When the aging owners of the 62-year-old family appliance business were looking for a way to retire, they approached Kenyon, who saw an opportunity to spread his risk. He too had been thinking of his own future and the value of his business. “If I manage this [acquisition] correctly, I can have something to sell,” says Kenyon, who feels he owes it to his employees and their families to create something of value that, he says, “could survive if I got hit by a bus.” After many negotiations, the two parties struck a deal, and Kenyon now officially owns Page Appliance.
Due Diligence
Making the final decision to buy took more than a year of research. Kenyon considered the following: Business practices: He studied the appliance store’s profit and loss statements and balance sheets. “They’d been doing business the same way for 62 years,” he says. Though the store was profitable, Kenyon recognized ways to increase revenue.
- Valuation: Kenyon’s CPA helped him assess the value of the appliance business.
- Comparison: The remodeler looked at successful models of similar combined businesses.

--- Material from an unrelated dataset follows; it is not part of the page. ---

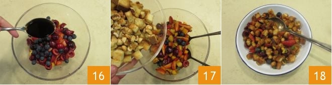 benetzen Sie alles mit Feigenmost 16. Fügen Sie auch das geröstete Brot mit den Haselnüssen hinzu 17, würzen Sie mit Minzblättchen und würzen Sie mit einer Prise Fleur de Sel. Alles mit einem Löffel vermischen und Ihre süße Panzanella servieren 18, nach Belieben begleitet von Sauerrahm, Eis oder Joghurt.

- Additional revenue: Kenyon saw incremental revenue opportunities after looking at what competitors were offering. Example: Page Appliance wasn’t charging for parts, such as hoses, or for hauling away old appliances — standard practice for most appliance stores.
- Employee input: Countryside has 12 employees. Kenyon asked them if, using their current processes, they could handle another $1 million in sales. “No,” they said. He figured that if they couldn’t handle more remodeling work, then they wouldn’t be able to handle the merger they were about to undergo. As a team, they determined that better workflow would help them handle more work more efficiently and would make the transition easier. With everyone’s input, they created a new workflow and organizational chart.
- Physical space: Kenyon bought the appliance company’s building.
- Marketing: By promoting this as a merger, Kenyon hopes to protect the value of the Page Appliance name, which is locally well known.
Though the two businesses will share a back office, each will operate in its own space until Kenyon creates one large showroom. He believes customer traffic will flow both ways.